ABSTRACT
Introduction: In the last decade, the sepsis research field has shifted focus from targeting hyperinflammation to reversing sepsis-induced immunoparalysis. Sepsis-induced immunoparalysis is very heterogeneous: the magnitude and the nature of the underlying immune defects differ considerably between patients, but also within individuals over time. Therefore, a ‘one-treatment-fits-all’ strategy for sepsis-induced immunoparalysis is bound to fail, and an individualized ‘precision medicine’ approach is required. Such a strategy is nevertheless hampered by the unsuitability of the currently available markers to identify the many immune defects that can manifest in individual patients.
Areas covered: We describe the currently available markers for sepsis-induced immunoparalysis and limitations pertaining to their use. Furthermore, future prospects and caveats are discussed, focusing on ‘omics’ approaches: genomics, transcriptomics, epigenomics, and metabolomics. Finally, we present a contemporary overview of adjuvant immunostimulatory therapies.
Expert opinion: The integration of multiple omics techniques offers a systems biology approach which can yield biomarker profiles that accurately and comprehensively gauge the extent and nature of sepsis-induced immunoparalysis. We expect this development to be instrumental in facilitating precision medicine for sepsis-induced immunoparalysis, consisting of the application of targeted immunostimulatory therapies and follow-up measurements to monitor the response to treatment and to titrate or adjust medication.
Article highlights
More patients survive the consequences of sepsis-induced hyperinflammation, which has led the sepsis research field to shift focus towards preventing or reversing sepsis-induced immunoparalysis, which is characterized by a severely blunted immune response that may result in ineffective clearance of a primary infection and increased susceptibility towards secondary (opportunistic) infections.

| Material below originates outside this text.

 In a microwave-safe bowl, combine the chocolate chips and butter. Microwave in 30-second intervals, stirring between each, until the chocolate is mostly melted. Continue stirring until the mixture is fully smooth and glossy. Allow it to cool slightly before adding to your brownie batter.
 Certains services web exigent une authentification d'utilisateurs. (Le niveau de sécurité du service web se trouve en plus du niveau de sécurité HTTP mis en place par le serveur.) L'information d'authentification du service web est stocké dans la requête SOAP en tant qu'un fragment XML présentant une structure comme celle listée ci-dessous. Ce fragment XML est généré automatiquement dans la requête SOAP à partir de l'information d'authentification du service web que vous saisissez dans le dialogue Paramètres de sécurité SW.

Sepsis-induced immunoparalysis is a heterogeneous condition, of which the magnitude and the nature of the underlying immune defects differ considerably between patients, but also within the same individual over time, rendering a ‘one-treatment-fits-all’ policy inadequate.

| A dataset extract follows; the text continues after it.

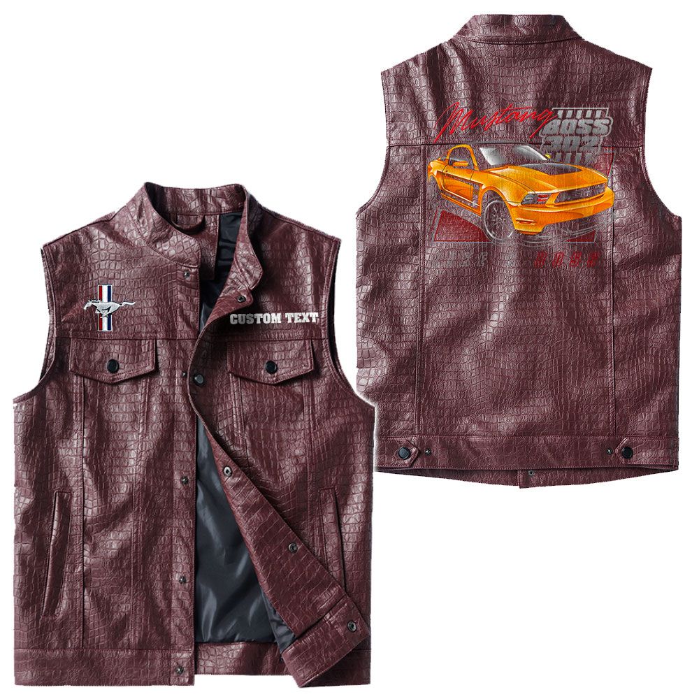 Custom Name Mustang Boss 302 Leather Vest – Personalized Logo Car Motorcycle Model

Due to heterogeneity, intrinsically effective immunotherapies (e.g. IFNγ, GM-CSF, IL-7, and anti-PD-1) cannot be used effectively, and routine use of adjunctive immunostimulatory therapy is therefore currently not supported.
An individualized ‘precision medicine’ approach is required for adjuvant immunostimulatory therapy in patients with sepsis-induced immunoparalysis. Comprehensive immunological phenotyping is a prerequisite for targeted immunostimulatory treatment and is therefore critical for precision medicine to succeed.
Currently available biomarkers for sepsis-induced immunoparalysis are unlikely suitable for precision medicine. There remains a large gray area consisting of sepsis patients in which immunoparalysis is more subtle or not reflected by a specific marker, as it can be caused by various underlying immune defects which may be independent of one another.
Omics approaches, such as genomics, epigenomics, transcriptomics, and metabolomics are increasingly used in sepsis research, but up till now, focus has been placed on identifying biomarker profiles that predict outcome.
Omics approaches have great potential to provide comprehensive insights into the many immune defects that underlie sepsis-induced immunoparalysis. Especially the integration of multiple techniques, a ‘multi-omics’ approach, will likely yield accurate biomarker profiles to gauge the extent and nature of sepsis-induced immunoparalysis.
The clinical application of (multi-)omics approaches still faces several challenges. Focus should be placed on standardization of analysis techniques, adequate sample sizes, handling of multidimensional datasets, and moving from the currently used terminology approach to an ontology-based disease classification.
Declaration of interest
The authors have no relevant affiliations or financial involvement with any organization or entity with a financial interest in or financial conflict with the subject matter or materials discussed in the manuscript. This includes employment, consultancies, honoraria, stock ownership or options, expert testimony, grants or patents received or pending, or royalties.
Reviewer disclosures
Peer reviewers on this manuscript have no relevant financial or other relationships to disclose.